_What the exercise asks_: For this task, output exactly the lines of the material below starting at the line with "純米吟醸「からはし」黒ラベル山田錦の新酒無濾過生原酒バージョン" and ending at the line with "SSD мобильный твердотельный"; pictures are to be excluded.

_Source data_:
/---

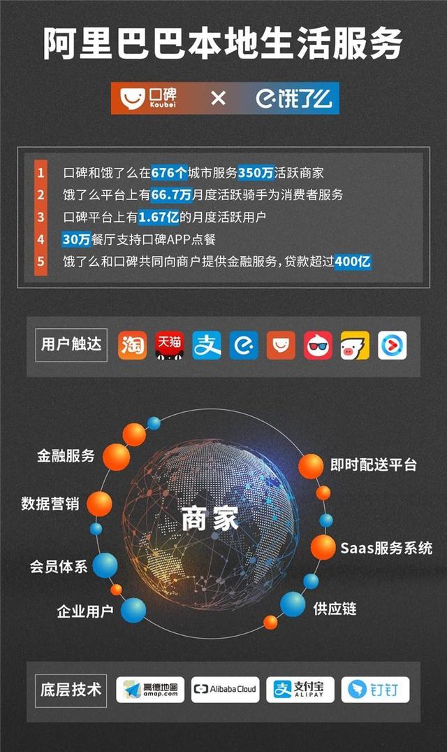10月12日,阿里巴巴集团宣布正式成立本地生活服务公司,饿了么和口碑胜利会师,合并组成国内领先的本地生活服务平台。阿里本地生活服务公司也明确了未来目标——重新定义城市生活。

\---
/---

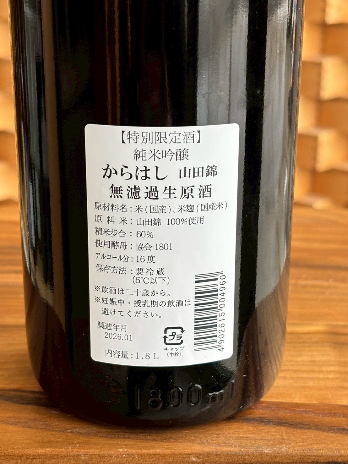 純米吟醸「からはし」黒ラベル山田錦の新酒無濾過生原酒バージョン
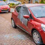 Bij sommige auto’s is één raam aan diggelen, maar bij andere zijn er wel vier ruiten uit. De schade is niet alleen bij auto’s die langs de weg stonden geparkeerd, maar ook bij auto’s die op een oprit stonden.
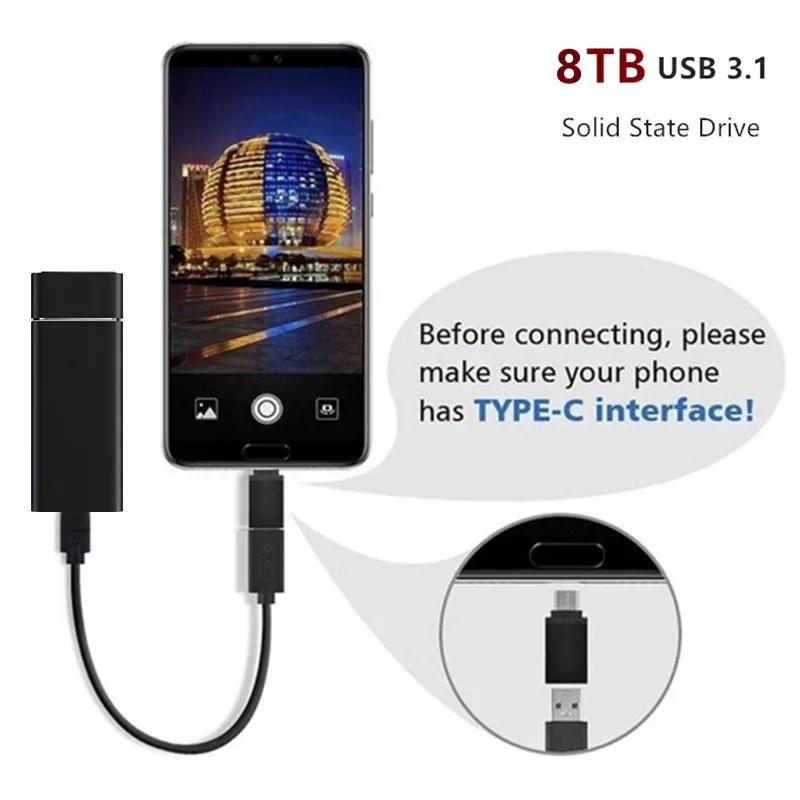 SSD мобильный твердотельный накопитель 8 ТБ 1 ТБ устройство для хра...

\---

_Result below_:
 純米吟醸「からはし」黒ラベル山田錦の新酒無濾過生原酒バージョン
 Bij sommige auto’s is één raam aan diggelen, maar bij andere zijn er wel vier ruiten uit. De schade is niet alleen bij auto’s die langs de weg stonden geparkeerd, maar ook bij auto’s die op een oprit stonden.
 SSD мобильный твердотельный накопитель 8 ТБ 1 ТБ устройство для хра...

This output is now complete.